> **WHAT YOU ARE ASKED TO DO**
Reproduce, exactly and only, the lines of the data that follows from the one containing "比赛中,陈慧以新颖的视角,为" down to the one containing "之前站长推的avive欧易上线了", without pictures.

> **RECORDS TO USE**
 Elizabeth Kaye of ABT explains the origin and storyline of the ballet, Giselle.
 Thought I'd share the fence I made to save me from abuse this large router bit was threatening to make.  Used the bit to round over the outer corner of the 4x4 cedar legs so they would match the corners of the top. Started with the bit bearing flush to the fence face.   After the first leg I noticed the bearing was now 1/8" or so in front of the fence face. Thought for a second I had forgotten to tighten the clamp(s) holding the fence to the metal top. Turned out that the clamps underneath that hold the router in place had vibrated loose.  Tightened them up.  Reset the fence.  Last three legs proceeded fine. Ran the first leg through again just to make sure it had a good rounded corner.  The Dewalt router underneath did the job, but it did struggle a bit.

==

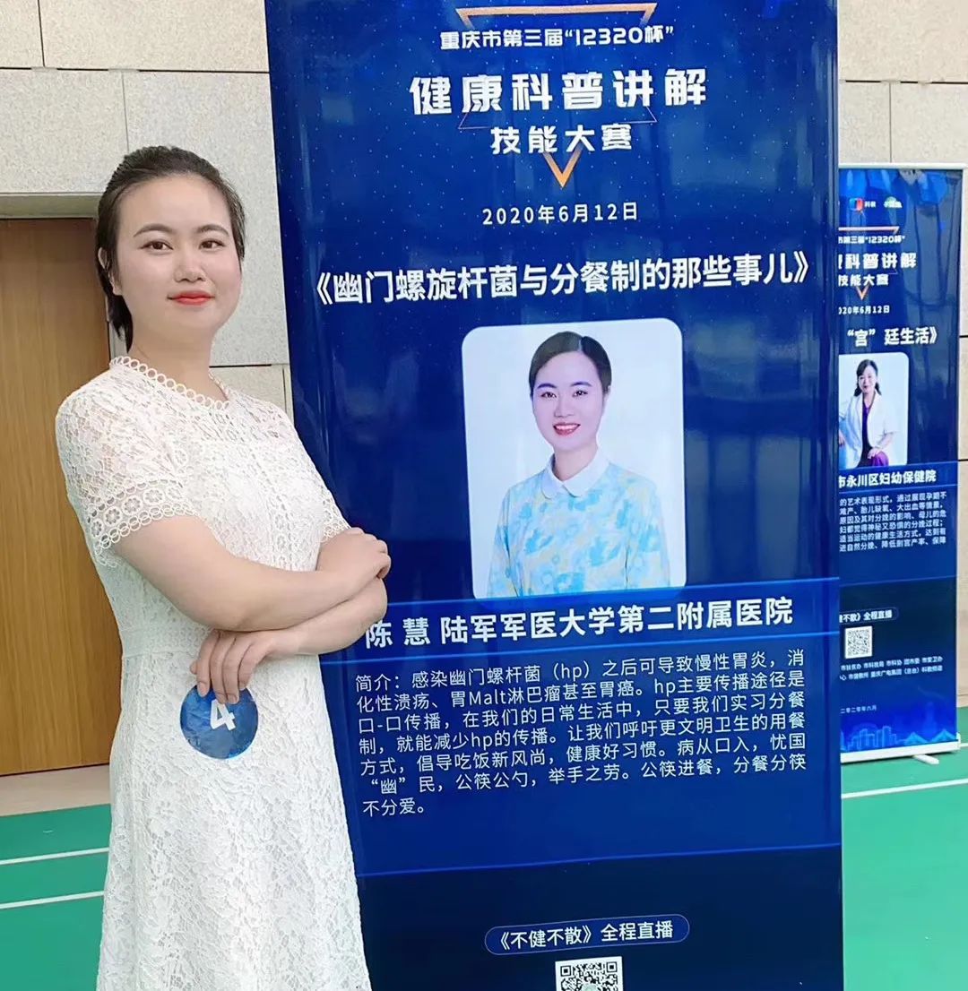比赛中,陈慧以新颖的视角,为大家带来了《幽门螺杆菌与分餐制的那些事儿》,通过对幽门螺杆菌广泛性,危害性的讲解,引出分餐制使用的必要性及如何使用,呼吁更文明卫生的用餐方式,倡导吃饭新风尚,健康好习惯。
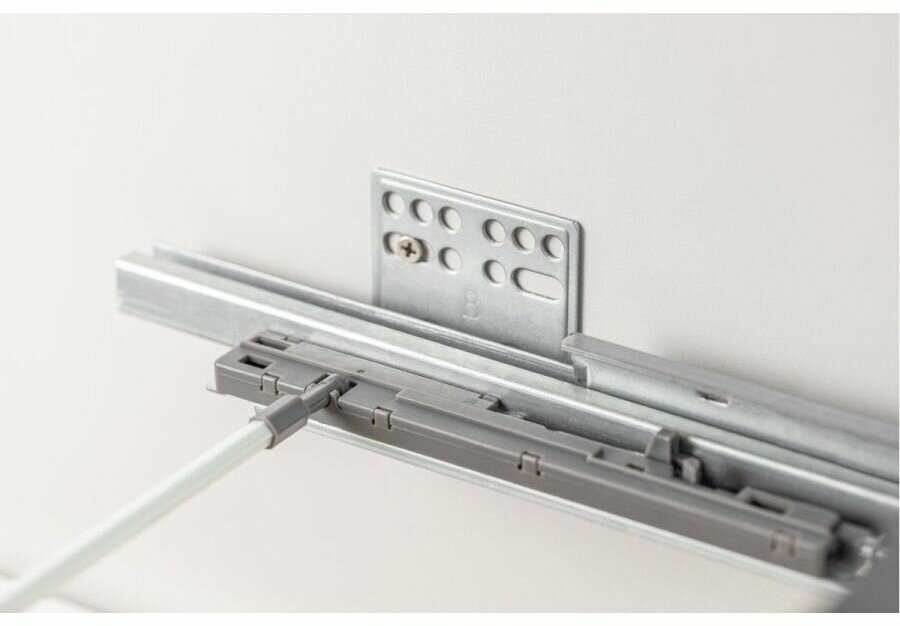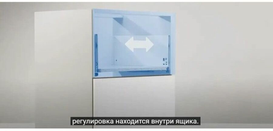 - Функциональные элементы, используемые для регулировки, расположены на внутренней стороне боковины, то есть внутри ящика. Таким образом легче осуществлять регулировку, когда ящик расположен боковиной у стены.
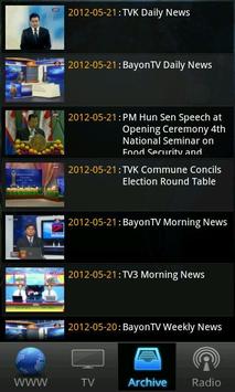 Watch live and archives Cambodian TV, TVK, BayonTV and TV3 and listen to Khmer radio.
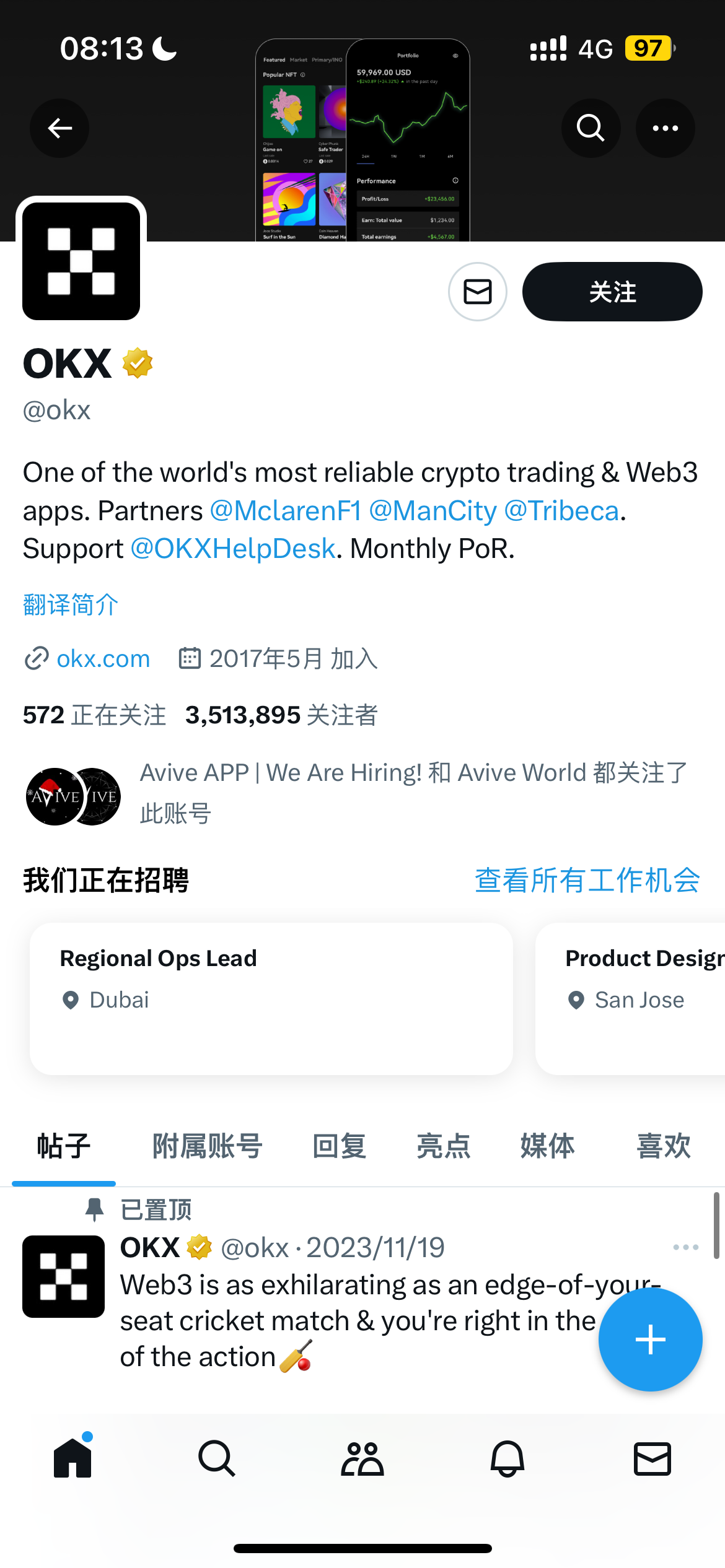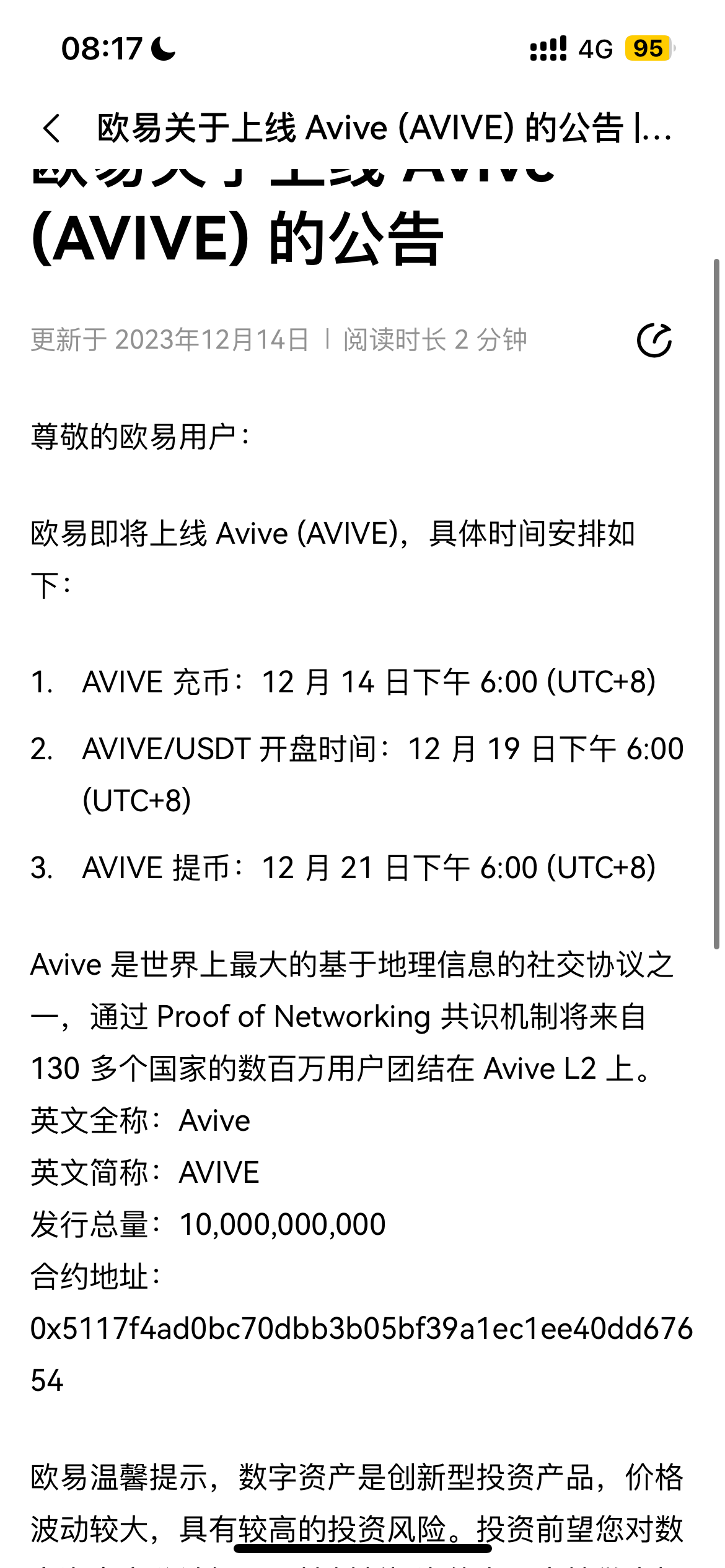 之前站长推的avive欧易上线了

> **OUTPUT BELOW**
比赛中,陈慧以新颖的视角,为大家带来了《幽门螺杆菌与分餐制的那些事儿》,通过对幽门螺杆菌广泛性,危害性的讲解,引出分餐制使用的必要性及如何使用,呼吁更文明卫生的用餐方式,倡导吃饭新风尚,健康好习惯。
 - Функциональные элементы, используемые для регулировки, расположены на внутренней стороне боковины, то есть внутри ящика. Таким образом легче осуществлять регулировку, когда ящик расположен боковиной у стены.
 Watch live and archives Cambodian TV, TVK, BayonTV and TV3 and listen to Khmer radio.
 之前站长推的avive欧易上线了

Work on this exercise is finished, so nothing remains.